### Work instructions
Your task is to print, exactly and only, the lines from the start of the entries below through the line with "Der praktische Sessel". Include both ends, but skip the pictures.

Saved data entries
-- Opening Marker --
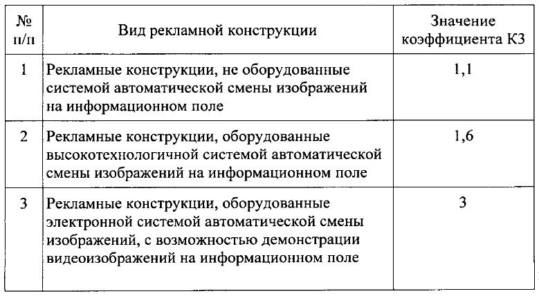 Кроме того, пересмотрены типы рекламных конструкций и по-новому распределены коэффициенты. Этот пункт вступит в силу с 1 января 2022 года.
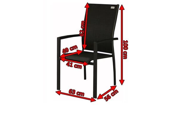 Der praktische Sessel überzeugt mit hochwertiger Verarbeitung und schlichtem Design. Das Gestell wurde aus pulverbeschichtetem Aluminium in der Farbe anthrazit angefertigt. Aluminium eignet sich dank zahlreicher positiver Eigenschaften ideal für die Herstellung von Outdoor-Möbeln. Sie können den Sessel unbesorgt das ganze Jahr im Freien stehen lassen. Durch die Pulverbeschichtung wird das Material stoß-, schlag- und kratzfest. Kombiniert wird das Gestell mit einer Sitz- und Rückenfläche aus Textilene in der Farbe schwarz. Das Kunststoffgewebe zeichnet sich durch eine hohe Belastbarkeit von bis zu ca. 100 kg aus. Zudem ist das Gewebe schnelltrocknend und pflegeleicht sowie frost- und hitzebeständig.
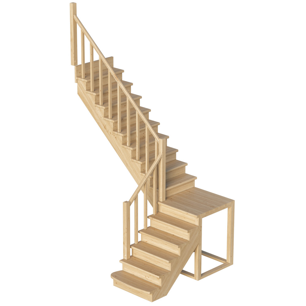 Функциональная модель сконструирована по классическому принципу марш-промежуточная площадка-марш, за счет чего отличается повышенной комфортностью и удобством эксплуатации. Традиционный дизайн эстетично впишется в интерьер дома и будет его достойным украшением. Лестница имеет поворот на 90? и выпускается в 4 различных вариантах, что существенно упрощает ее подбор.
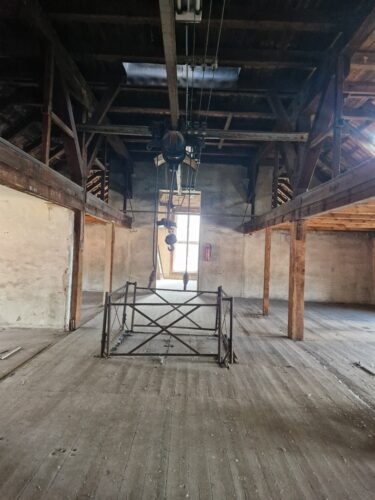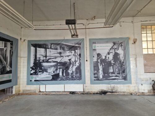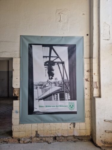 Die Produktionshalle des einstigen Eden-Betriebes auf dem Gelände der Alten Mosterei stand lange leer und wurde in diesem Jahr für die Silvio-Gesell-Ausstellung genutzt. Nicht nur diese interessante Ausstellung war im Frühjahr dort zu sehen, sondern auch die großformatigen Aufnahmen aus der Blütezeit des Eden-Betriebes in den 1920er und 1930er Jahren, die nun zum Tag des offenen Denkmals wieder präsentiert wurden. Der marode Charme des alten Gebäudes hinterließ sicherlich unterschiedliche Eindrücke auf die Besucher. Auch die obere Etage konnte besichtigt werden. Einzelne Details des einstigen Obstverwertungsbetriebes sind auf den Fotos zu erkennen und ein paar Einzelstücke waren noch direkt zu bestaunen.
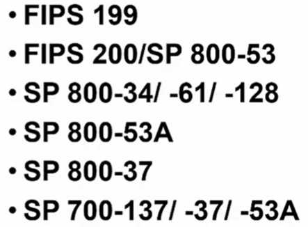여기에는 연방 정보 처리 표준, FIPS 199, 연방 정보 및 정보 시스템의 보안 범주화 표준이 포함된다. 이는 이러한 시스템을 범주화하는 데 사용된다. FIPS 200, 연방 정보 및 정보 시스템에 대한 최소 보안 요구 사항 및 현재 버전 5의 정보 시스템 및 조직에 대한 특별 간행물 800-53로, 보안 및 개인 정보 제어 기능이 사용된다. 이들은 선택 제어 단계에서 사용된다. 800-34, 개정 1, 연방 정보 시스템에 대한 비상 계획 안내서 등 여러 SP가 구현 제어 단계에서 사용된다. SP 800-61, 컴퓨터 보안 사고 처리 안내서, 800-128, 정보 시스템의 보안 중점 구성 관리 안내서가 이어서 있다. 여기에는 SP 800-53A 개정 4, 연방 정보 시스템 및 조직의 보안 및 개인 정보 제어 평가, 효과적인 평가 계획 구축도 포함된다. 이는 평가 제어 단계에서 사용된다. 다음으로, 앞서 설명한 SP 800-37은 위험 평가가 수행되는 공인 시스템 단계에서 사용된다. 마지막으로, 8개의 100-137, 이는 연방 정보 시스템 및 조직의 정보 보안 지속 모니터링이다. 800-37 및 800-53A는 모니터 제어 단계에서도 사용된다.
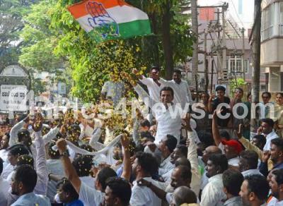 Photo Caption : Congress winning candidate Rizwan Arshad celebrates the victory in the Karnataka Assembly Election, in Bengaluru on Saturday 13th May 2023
-- Closing Marker --
### Answer space
 Кроме того, пересмотрены типы рекламных конструкций и по-новому распределены коэффициенты. Этот пункт вступит в силу с 1 января 2022 года.
 Der praktische Sessel überzeugt mit hochwertiger Verarbeitung und schlichtem Design. Das Gestell wurde aus pulverbeschichtetem Aluminium in der Farbe anthrazit angefertigt. Aluminium eignet sich dank zahlreicher positiver Eigenschaften ideal für die Herstellung von Outdoor-Möbeln. Sie können den Sessel unbesorgt das ganze Jahr im Freien stehen lassen. Durch die Pulverbeschichtung wird das Material stoß-, schlag- und kratzfest. Kombiniert wird das Gestell mit einer Sitz- und Rückenfläche aus Textilene in der Farbe schwarz. Das Kunststoffgewebe zeichnet sich durch eine hohe Belastbarkeit von bis zu ca. 100 kg aus. Zudem ist das Gewebe schnelltrocknend und pflegeleicht sowie frost- und hitzebeständig.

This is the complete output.